▶ **TASK DETAILS**
Look below for the line containing "Cross Charm Key Ring – White" and the line containing "빈티지한 도트 프린팅으로 특별함이 느껴지는 헤어스크런치.", then set down both and every line between them exactly, without pictures.

▶ **ENTRIES SUPPLIED**
* * * * * * *

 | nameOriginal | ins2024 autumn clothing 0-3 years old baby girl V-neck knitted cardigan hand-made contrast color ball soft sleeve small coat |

* * * * * * *

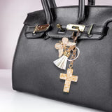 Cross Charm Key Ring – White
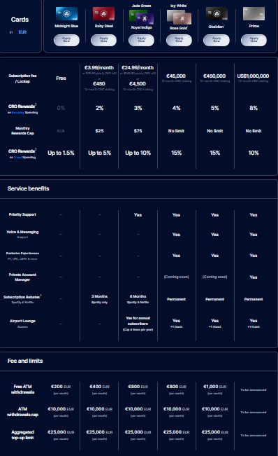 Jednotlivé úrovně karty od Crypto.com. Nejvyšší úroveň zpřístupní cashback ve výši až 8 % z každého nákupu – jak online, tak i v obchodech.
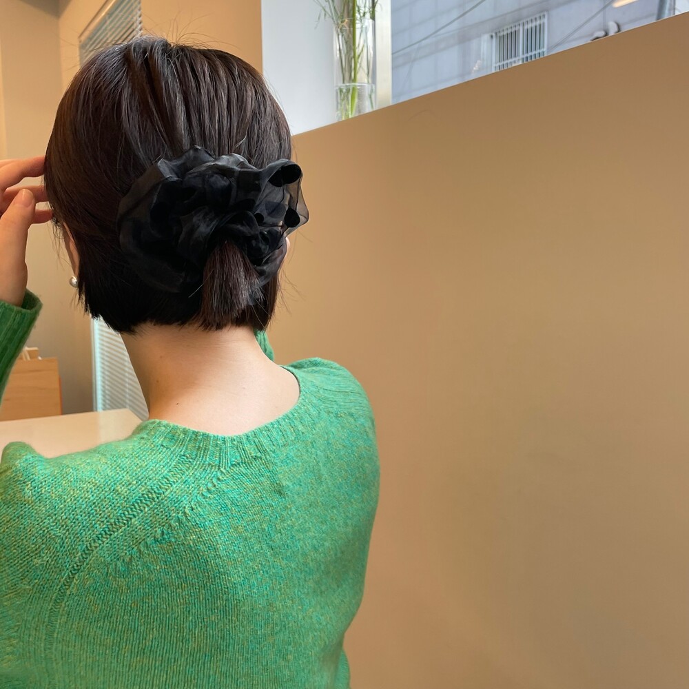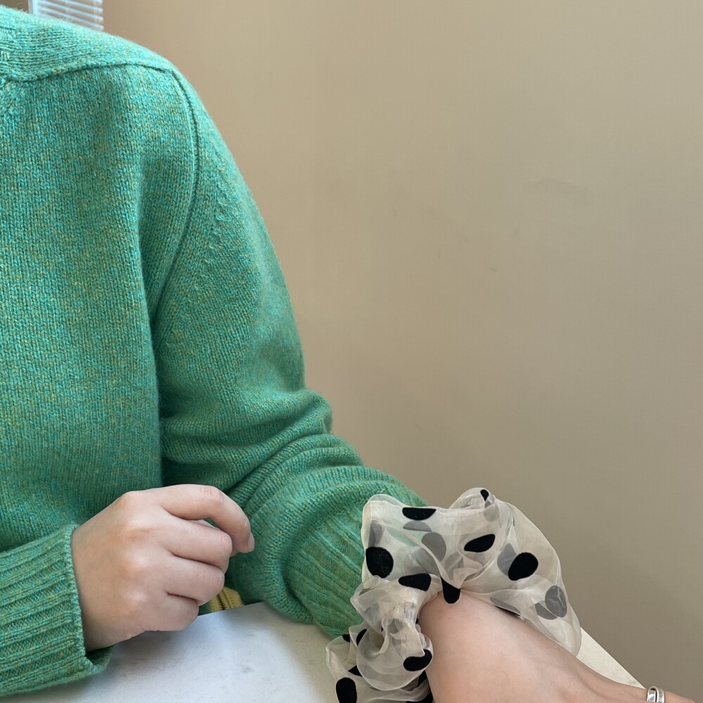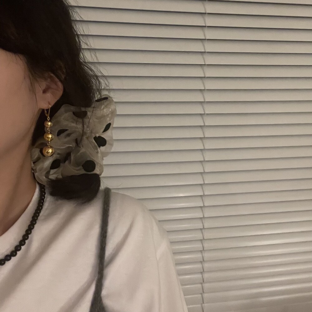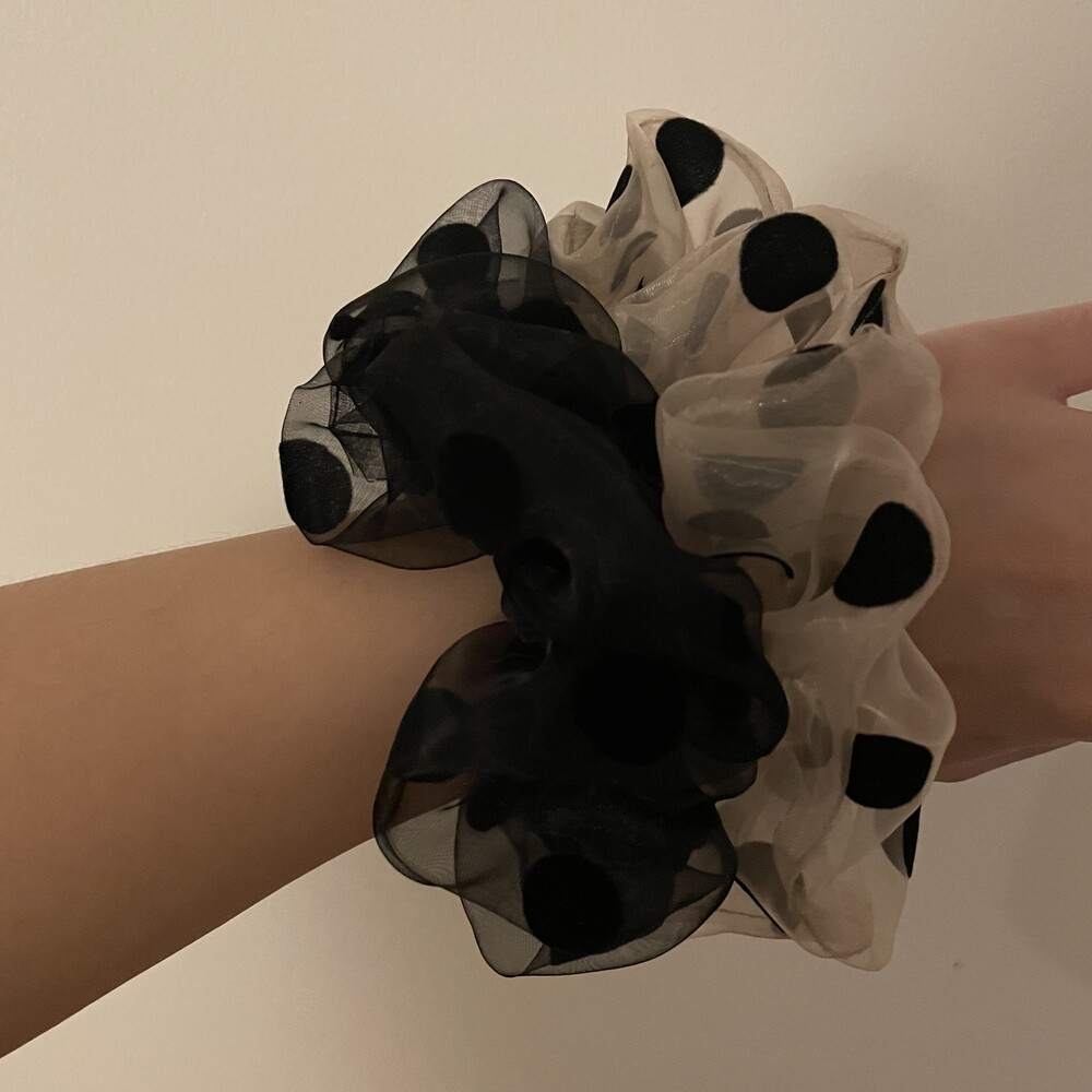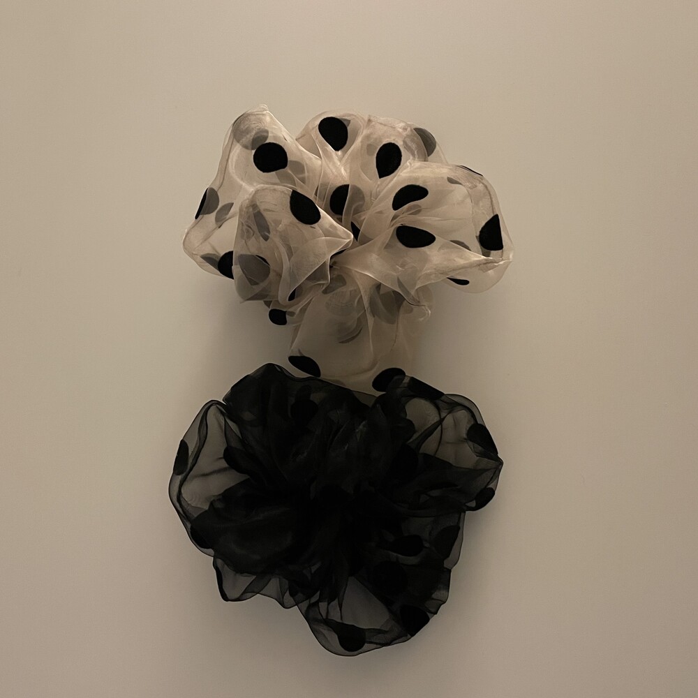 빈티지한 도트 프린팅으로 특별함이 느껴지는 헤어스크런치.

* * * * * * *

▶ **EXERCISE RESPONSE**
 Cross Charm Key Ring – White
 Jednotlivé úrovně karty od Crypto.com. Nejvyšší úroveň zpřístupní cashback ve výši až 8 % z každého nákupu – jak online, tak i v obchodech.
 빈티지한 도트 프린팅으로 특별함이 느껴지는 헤어스크런치.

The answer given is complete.